2019-10-30	mda: skip MIME parsing if spam
	We don't want to waste cycles parsing the message for MIME bits if it's spam.
2019-10-30	mda: hoist out mda_filter_adjust
	It makes it easier to document the default -mda behavior is stricter than normal, including "public-inbox-learn ham"
2019-10-30	filter/base: remove MAX_MID_SIZE constant
	We don't need it in the filter, here, since we have one in the MDA package.
2019-10-30	mda: hoist out List-ID handling and reuse in -learn
	It's now possible to inject false-positive ham into an inbox the same way -mda does via List-ID.

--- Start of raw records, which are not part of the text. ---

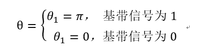 相位调制技术即通过外调制器对光信号增加相位位移来进行的调制,利用光信号的相位变化来传递信息,其主要包括两个方面,一是多电平相位调制(multilevel phase-shift keying, mPSK),相移键控是以载波的初始相位变化来表示基带信号,分别用初始相位0和pi来表示基带信号0和1,即:
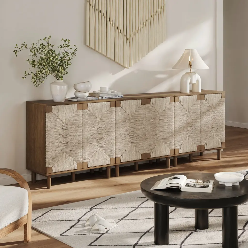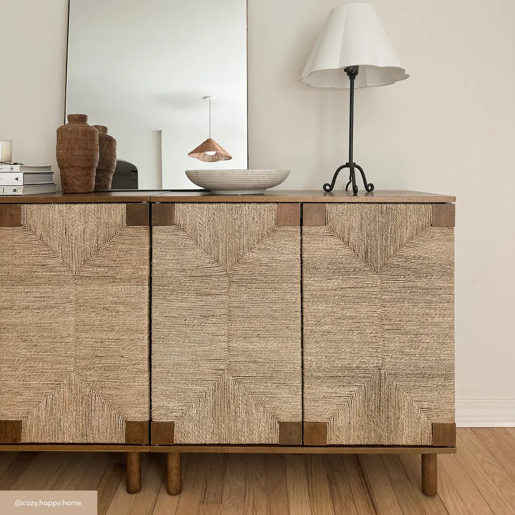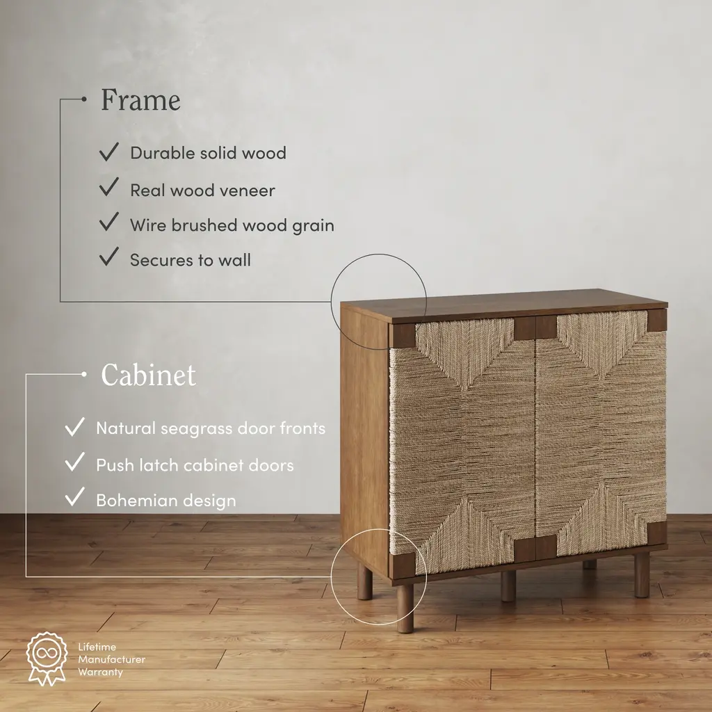 Say hello to Beacon, the perfect textured storage cabinet. A wire brushed brown finish is paired with push-latch natural seagrass cabinet doors for the an on-trend look that fits right in with any decor. An adjustable shelf gives you plenty of space to store records, books, or anything else you want to keep tidy and out of sight; or pair two side-by-side for extra storage. The handcrafted natural finish means some slight variations may occur.
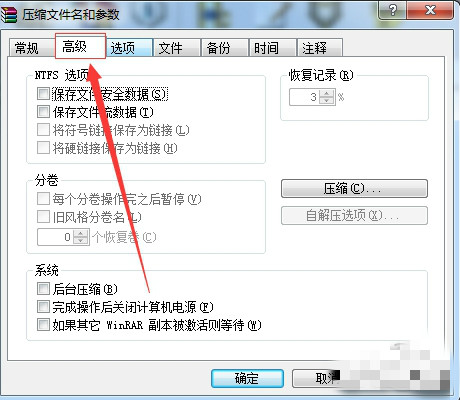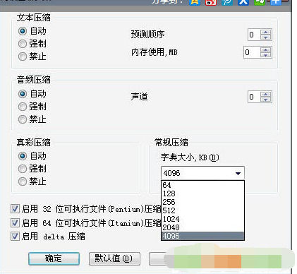 在“高級(jí)”標(biāo)簽中點(diǎn)擊“壓縮”按鈕,打開“高級(jí)壓縮參數(shù)”設(shè)置。將“常規(guī)壓縮”選項(xiàng)中的字典大小選擇更大的數(shù)值。
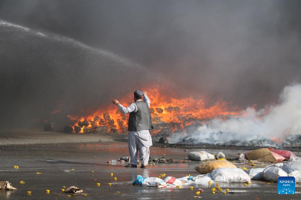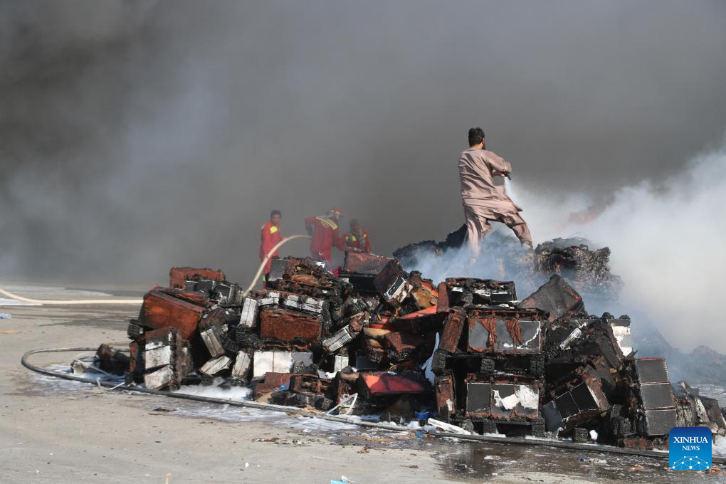KABUL, Aug. 15 (Xinhua) -- Several trucks carrying commercial goods have turned to ash as customs' parking lot caught fire in Herat city, the provincial capital of the western Afghanistan's Herat province, deputy to the Customs' office Mawlawi Esmatullah Yasar said Thursday.
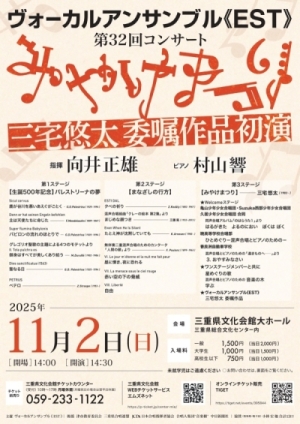 ヴォーカルアンサンブル《EST》の「文化」における長年の功績が県民功労者としてふさわしいものとして、令和7年、三重県知事より表彰状と県民功労章が授与されました。

2019-10-30	learn: hoist out remove_or_add subroutine
	We'll be reusing it for List-ID processing in the next commit.
2019-10-30	learn: GIT_COMMITTER_<NAME\|EMAIL> may be "" or "0"
	Users may be zeroes or blanks.
2019-10-30	learn: update usage statement
	Use <foo\|bar> since that seems to be the favored notation for required command args (taking a hint from git(1) manpage). While we're at it, remove the space after '<' for the redirect to match git.git coding style.

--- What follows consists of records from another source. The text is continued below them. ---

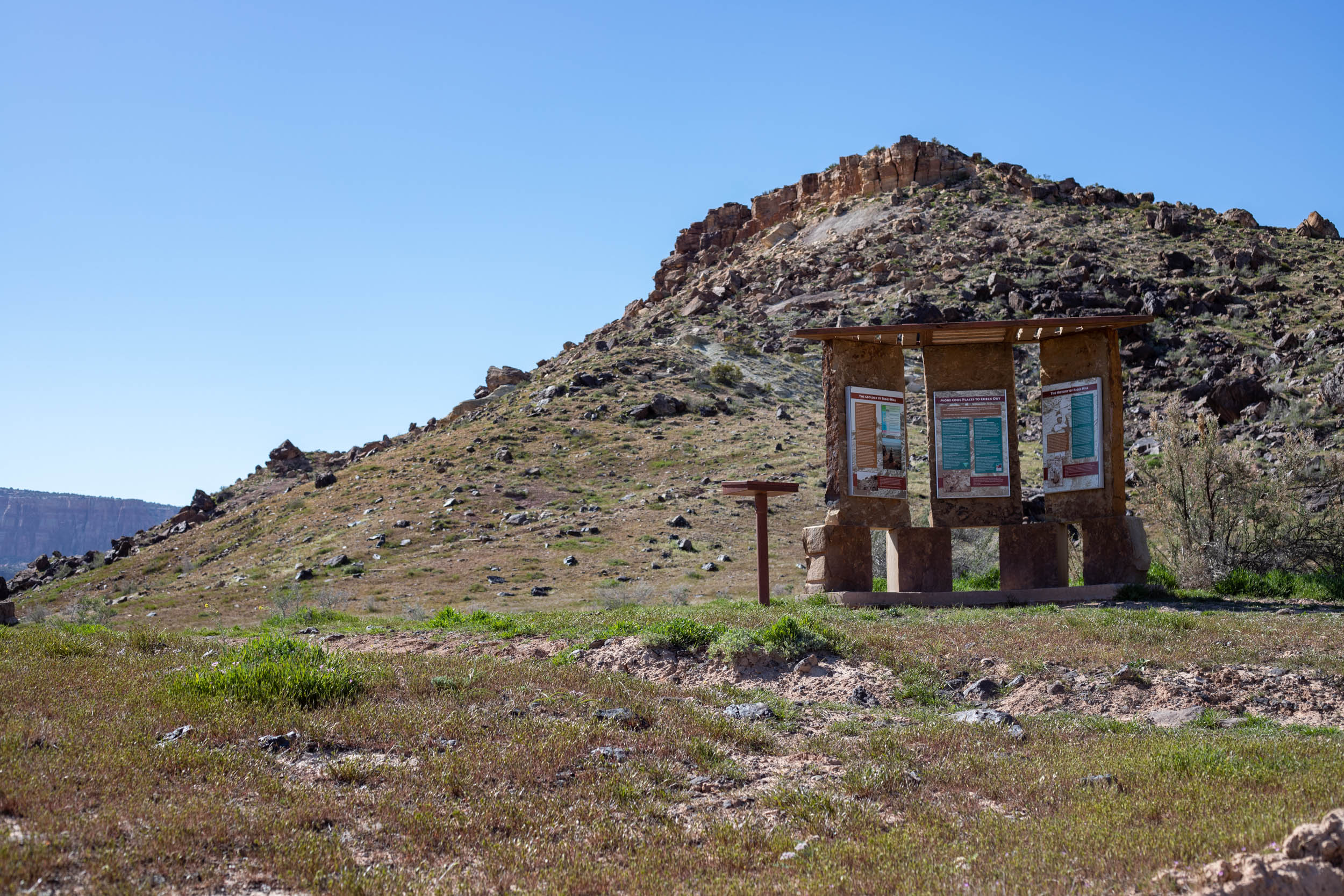 Many dinosaur skeletons and remains were found in Colorado. Grand Junction is no exception. According to the informational packet available, Riggs Hill is the location where the first Brachiosaurus bone was discovered by Elmer Riggs in 1900. A cast of the bone sits along the trail for hikers to enjoy, while other fossils may be found in the dirt surrounding these small hills.
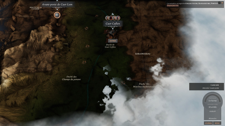 Un des aspects les mieux traités et des plus originaux concernant la partie trajets. La carte semble bien vaste, et aller de votre lieu de mission à la capitale vous prendra des jours. Jours qui seront simulés, durant lesquels vous aurez des comptes rendus sur l’activité de vos personnages : prière, entretien, récoltes, discussion, état de forme, jusqu’à une éventuelle rencontre en vue de créer de la violence entre les créatures du royaume (Baston !). Trajets qu’il vous faudra préparer à l’avance avec l’achat de rations (nul besoin de calculer au jour près, comme écrit en avant, les personnages peuvent chasser/cueillir/invoquer en chemin) et la planification du voyage allant de lent à rapide avec les risques inhérents à une traversée du royaume
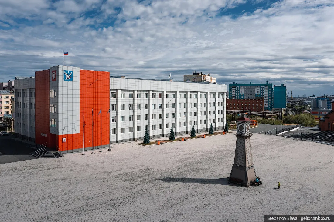 На площади перед администрацией установлена ещё одна достопримечательность города — башня с часами. Местные называют башню Биг-Бен. А часы для неё подарил городу Норникель.
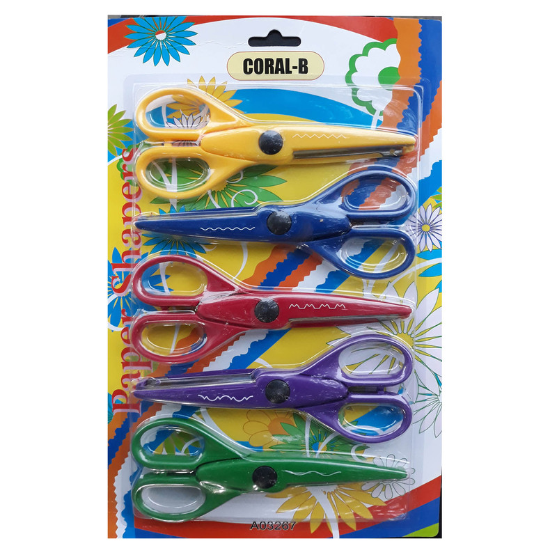 مجموعه 5 عددی قیچی کرال بی در رنگ های جذاب و کیفیت مناسب برای 5 نوع برش زیگزاگ، دالبر و طرح دار مناسب برای بزرگسالان و.کودکان برای انواع متنوع برش در طراحی و مهدکودکها و کاردستی
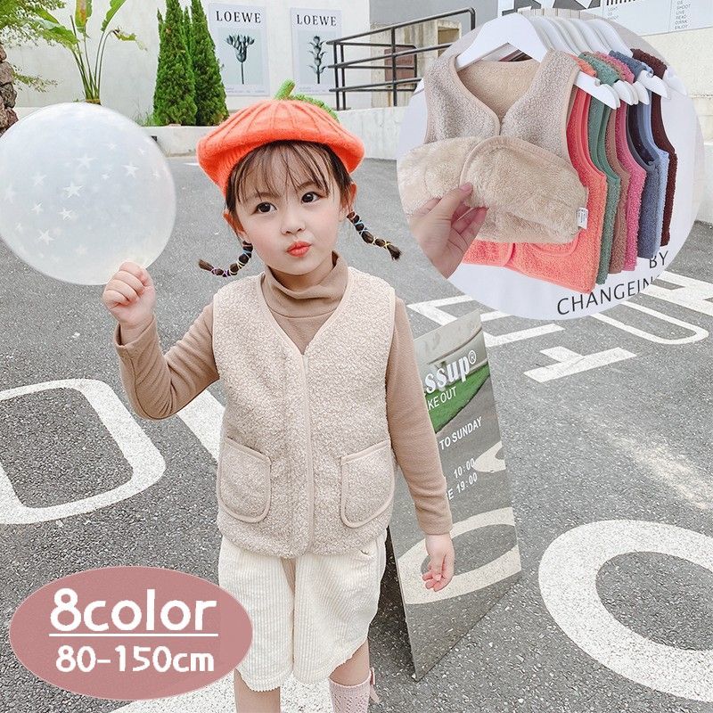ベスト 子供服 キッズ ベビー ジュニア 女の子 男の子 フリース ボア トップス Vネック ジップアップ 前開き 無地 シンプル カジュアル おしゃ
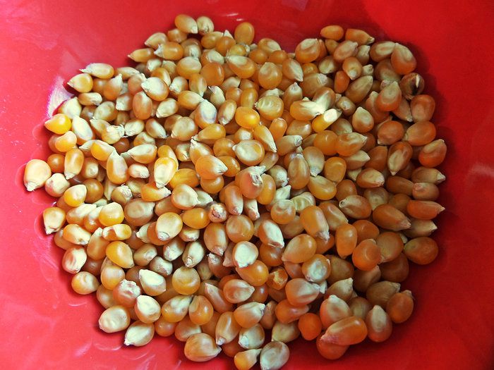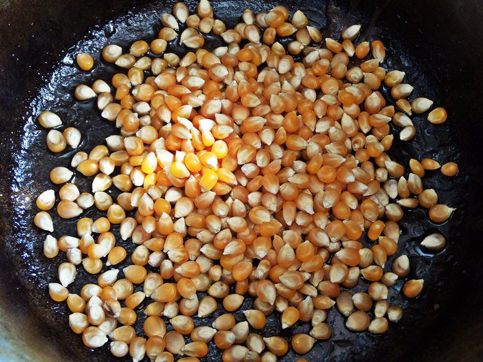 Накаляем на огне чугунную кастрюлю. Высыпаем кукурузу.
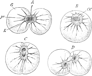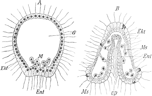 That isolated segmentation-cells have the capacity of developing into embryos which are complete but correspondingly smaller in size has been demonstrated in animals of various groups, though it does not seem to go to the same length in all. In the Medusæ we find that not only one of the first two, but one of the first four, eight, and even sixteen segmentation-cells may develop a whole larva when isolated (Zoja). In the sea-urchin at least any one of the first eight blastomeres may do so. And Driesch's experiments in cutting up the young larvæ at the blastula-stage (a single-layered ball of cells) leads us to assume that each of these cells still possesses the complete germ-plasm. Beyond that stage, however, the primary constituents obviously divide into those of the ectoderm and those of the endo[Pg 408]derm, for the subsequent two-layered stage in the sea-urchin's development, the gastrula, does not complete itself if it be artificially divided into fragments which consist only of cells from the outer, or only of cells from the inner layer. In corroboration of this experiment made by Barfurth, Samassa was able to demonstrate in regard to the egg of the frog that, even after the third division of the ovum, the segmentation-cells are so different from each other in respect of their primary constituents that they were not able to replace each other mutually. When this investigator killed the ectoderm-cells alone by means of an induction current, or the endoderm-cells alone, the dead half could not be replaced by the half which remained alive, and the whole ovum perished.

2019-10-30	learn: only map recipient list on "ham" or "rm"
	It's assumed that "spam" can end up anywhere due to Bcc:, so we need to scan every single inbox. However, "rm" is usually more targeted and and "ham" obviously only belongs in some inboxes.
2019-10-30	learn: support multiple To/Cc headers
	It's possible to specify these headers multiple times, and PublicInbox::MDA->precheck takes that into account, so -learn should, too.

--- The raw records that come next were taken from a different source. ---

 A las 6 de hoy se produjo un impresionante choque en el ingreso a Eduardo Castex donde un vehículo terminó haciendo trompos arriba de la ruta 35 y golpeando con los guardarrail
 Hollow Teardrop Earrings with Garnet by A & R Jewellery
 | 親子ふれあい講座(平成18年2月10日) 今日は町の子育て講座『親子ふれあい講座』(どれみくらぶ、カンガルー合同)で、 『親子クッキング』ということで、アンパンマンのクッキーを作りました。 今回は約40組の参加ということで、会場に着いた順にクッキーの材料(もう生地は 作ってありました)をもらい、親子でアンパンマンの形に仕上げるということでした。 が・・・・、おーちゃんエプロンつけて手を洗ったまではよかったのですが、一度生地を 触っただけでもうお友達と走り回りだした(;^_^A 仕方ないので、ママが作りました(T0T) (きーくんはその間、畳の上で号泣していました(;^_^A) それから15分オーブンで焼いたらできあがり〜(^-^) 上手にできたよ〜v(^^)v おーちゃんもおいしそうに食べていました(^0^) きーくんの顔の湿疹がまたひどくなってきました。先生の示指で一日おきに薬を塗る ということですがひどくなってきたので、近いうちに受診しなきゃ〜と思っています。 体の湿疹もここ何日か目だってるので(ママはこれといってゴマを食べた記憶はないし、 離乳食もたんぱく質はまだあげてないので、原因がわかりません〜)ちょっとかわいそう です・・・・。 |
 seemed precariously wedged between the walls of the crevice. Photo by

2019-10-30	Merge remote-tracking branch 'origin/multi-mid'
	* origin/multi-mid: view: show X-Alt-Message-ID in permalink view, too index: allow search/lookups on X-Alt-Message-ID linkify: support adding "(raw)" link for Message-IDs view: improve warning for multiple Message-IDs view: move '<' and '>' outside <a> view: display redundant headers in permalink search: support multiple From/To/Cc/Subject headers
2019-10-30	HACKING: add a note about avoiding recursion
	Bad things happen when user data can control our stack size.
2019-10-28	view: show X-Alt-Message-ID in permalink view, too
	Since we index X-Alt-Message-ID (because we need to placate some NNTP clients), we now display it as well, since that Message-ID could be the X-Alt-Message-ID that the reader is actually interested in.
2019-10-28	index: allow search/lookups on X-Alt-Message-ID
	Since we replace extra Message-ID headers with X-Alt-Message-ID to placate NNTP clients, we should allow searching and indexing on X-Alt-Message-ID just like we do with Message-ID.
2019-10-28	linkify: support adding "(raw)" link for Message-IDs
	And use it for the per-message permalink display.
2019-10-28	view: improve warning for multiple Message-IDs
	"refer" is not the correct term, here; since that would mean multiple messages have the current message in the "References:" header, and that's a normal occurence. Instead, we need to warn the reader that the given message itself has multiple Message-IDs.
2019-10-28	view: move '<' and '>' outside <a>
	Browsers may underline '<' and '>' in links, which may be confused with '≤' and '≥'. So have the Message-ID header display follow what we do with In-Reply-To headers and move the "<" and ">" outside of <a> in the HTML.
2019-10-28	view: display redundant headers in permalink
	Mail headers can contain multiple headers of any type, so ensure we don't hide any information we're getting in the per-message permalink views. This means it's possible to have multiple From, Date, To, Cc, Subject, and In-Reply-To headers displayed. The thread indices are a special case, I guess, since we run out of space on the line if the headers too long and tools like mutt only show the first one.
2019-10-28	search: support multiple From/To/Cc/Subject headers
	We can easily support searching on messages with multiple From/To/Cc/Subject headers just like we do with multiple Message-ID headers. This matches the normal mutt pager display behavior.